▶ **PROBLEM STATEMENT**
Counting only lines below that hold "Amman", give the total alone.

▶ **DATA**
================
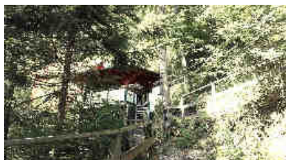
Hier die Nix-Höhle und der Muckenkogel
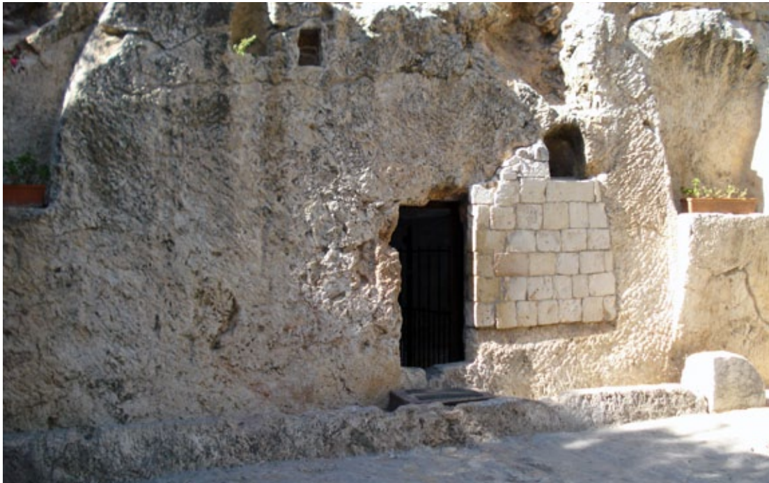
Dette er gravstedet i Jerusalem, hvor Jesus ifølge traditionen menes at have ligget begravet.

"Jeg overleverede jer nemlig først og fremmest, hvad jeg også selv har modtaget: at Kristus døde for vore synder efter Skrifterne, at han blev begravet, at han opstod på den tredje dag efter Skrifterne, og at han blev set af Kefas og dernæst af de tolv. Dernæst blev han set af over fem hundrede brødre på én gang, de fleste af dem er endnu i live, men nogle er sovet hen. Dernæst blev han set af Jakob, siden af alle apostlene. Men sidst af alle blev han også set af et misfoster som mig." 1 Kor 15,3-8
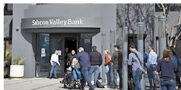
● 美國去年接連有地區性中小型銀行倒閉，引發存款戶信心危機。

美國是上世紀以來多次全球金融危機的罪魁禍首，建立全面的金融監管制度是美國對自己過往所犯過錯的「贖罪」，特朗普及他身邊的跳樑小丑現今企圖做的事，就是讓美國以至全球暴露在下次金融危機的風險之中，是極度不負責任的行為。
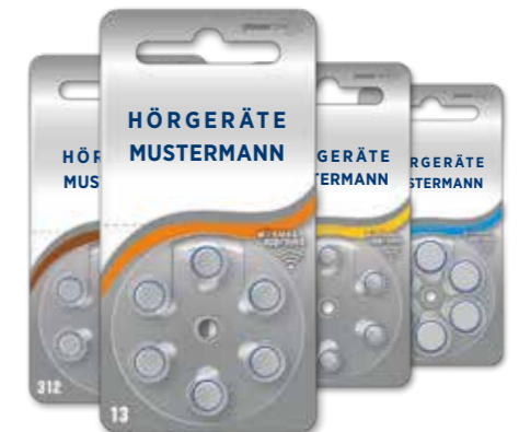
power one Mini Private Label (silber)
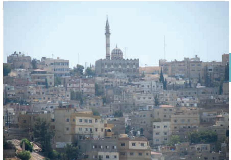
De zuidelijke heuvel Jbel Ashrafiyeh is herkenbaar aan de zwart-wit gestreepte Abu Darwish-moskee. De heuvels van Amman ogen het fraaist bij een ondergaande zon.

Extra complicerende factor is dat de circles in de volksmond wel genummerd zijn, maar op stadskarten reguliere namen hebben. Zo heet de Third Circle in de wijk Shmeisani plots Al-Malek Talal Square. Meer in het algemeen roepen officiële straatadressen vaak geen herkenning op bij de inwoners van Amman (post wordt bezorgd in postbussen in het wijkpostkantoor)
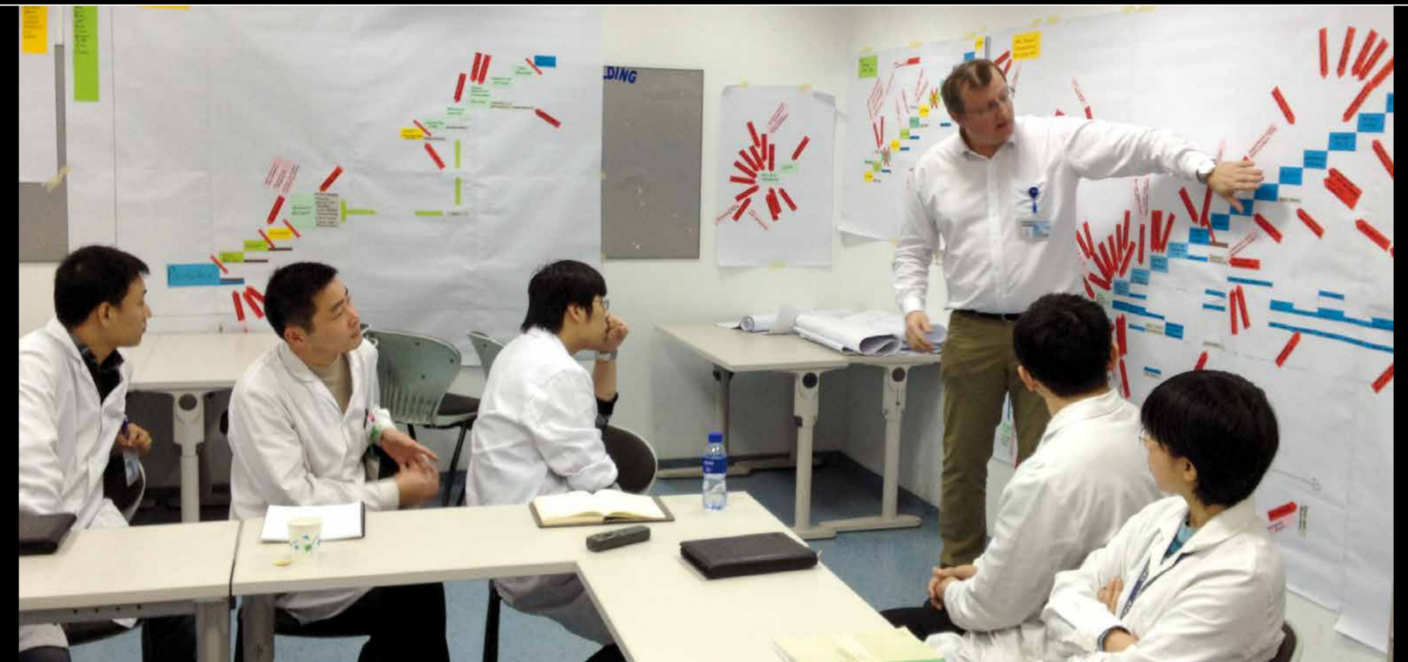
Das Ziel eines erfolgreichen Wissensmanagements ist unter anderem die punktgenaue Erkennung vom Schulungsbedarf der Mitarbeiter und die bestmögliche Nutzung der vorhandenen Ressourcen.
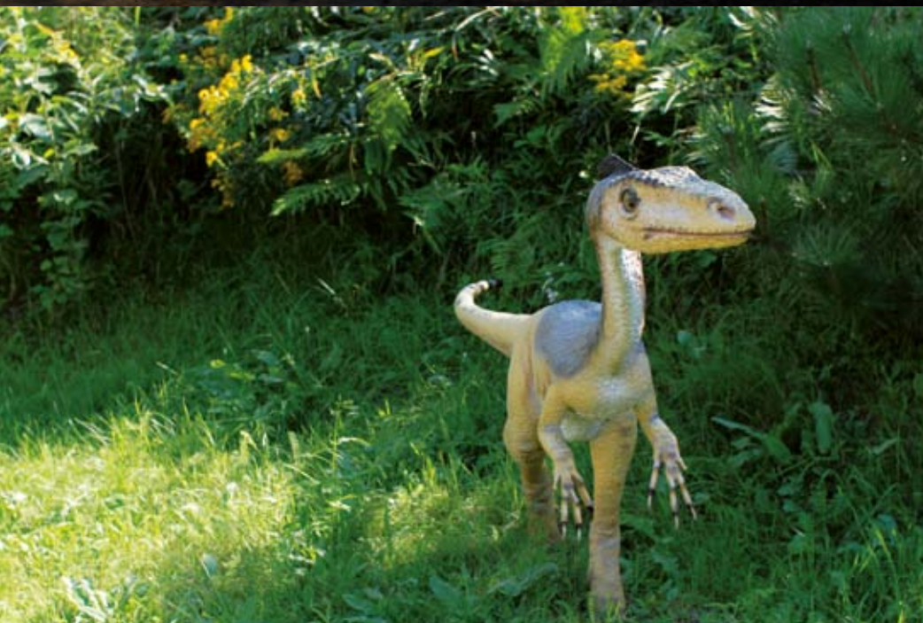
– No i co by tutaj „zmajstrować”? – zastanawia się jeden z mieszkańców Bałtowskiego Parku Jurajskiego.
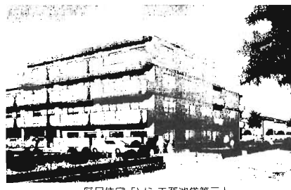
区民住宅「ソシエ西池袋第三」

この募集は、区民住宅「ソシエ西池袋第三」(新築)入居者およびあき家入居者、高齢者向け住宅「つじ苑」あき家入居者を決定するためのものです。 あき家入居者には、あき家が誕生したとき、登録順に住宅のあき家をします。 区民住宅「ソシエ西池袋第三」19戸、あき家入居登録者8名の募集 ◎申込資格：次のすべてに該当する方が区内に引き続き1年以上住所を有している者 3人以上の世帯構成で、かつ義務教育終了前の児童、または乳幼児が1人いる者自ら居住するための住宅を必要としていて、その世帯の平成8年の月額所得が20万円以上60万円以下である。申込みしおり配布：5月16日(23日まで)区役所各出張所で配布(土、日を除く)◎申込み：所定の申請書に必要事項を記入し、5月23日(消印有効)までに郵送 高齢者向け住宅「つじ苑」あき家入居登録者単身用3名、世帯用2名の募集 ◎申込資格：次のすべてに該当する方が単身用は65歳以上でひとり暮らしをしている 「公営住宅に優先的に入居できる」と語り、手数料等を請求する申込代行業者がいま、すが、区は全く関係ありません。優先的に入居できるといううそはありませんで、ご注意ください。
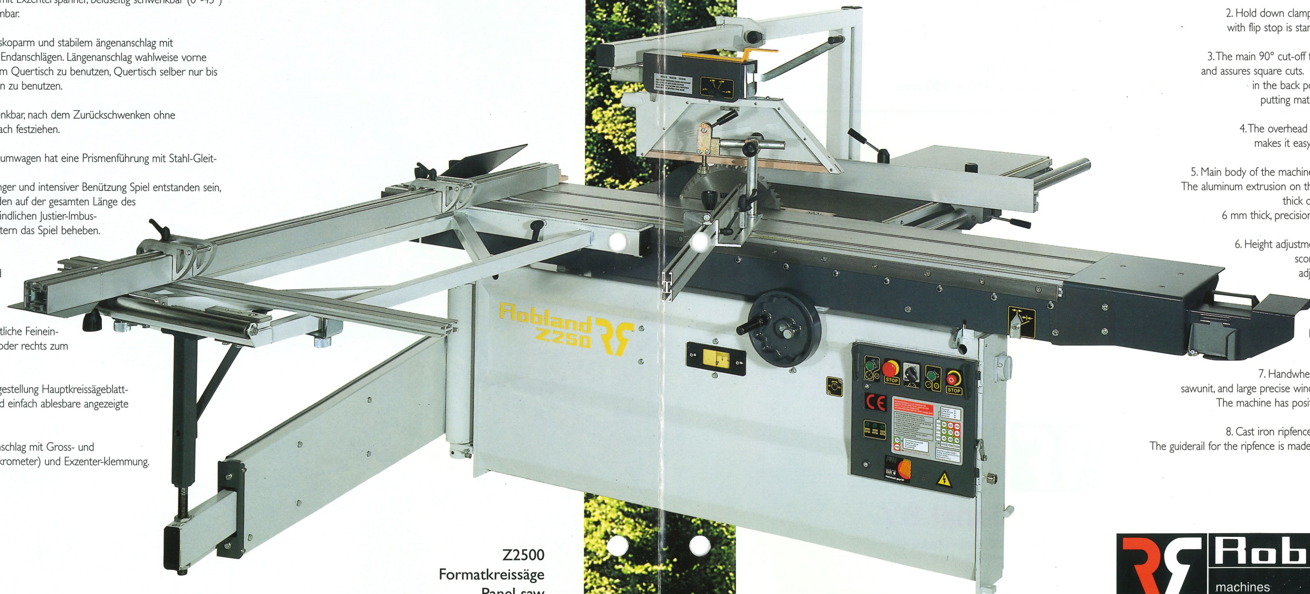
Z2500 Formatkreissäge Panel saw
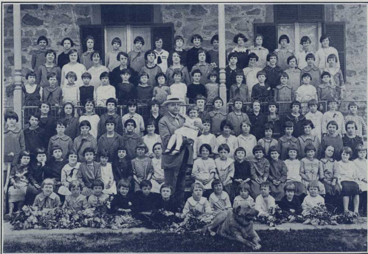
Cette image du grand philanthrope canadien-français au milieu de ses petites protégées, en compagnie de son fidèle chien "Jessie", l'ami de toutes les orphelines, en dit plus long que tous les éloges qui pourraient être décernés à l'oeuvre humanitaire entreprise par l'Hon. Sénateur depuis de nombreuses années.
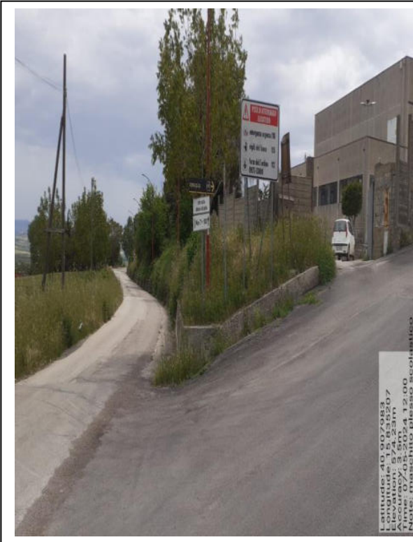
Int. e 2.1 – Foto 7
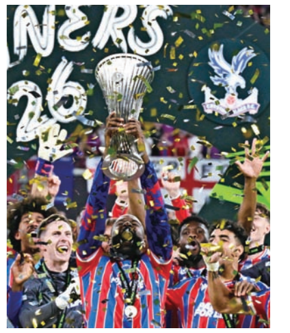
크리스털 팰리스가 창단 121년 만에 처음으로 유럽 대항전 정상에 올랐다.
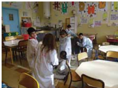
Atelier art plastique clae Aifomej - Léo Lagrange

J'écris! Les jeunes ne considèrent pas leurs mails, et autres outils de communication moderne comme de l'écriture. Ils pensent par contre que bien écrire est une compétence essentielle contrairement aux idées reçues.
================
▶ **REPLY TO THE TASK**
2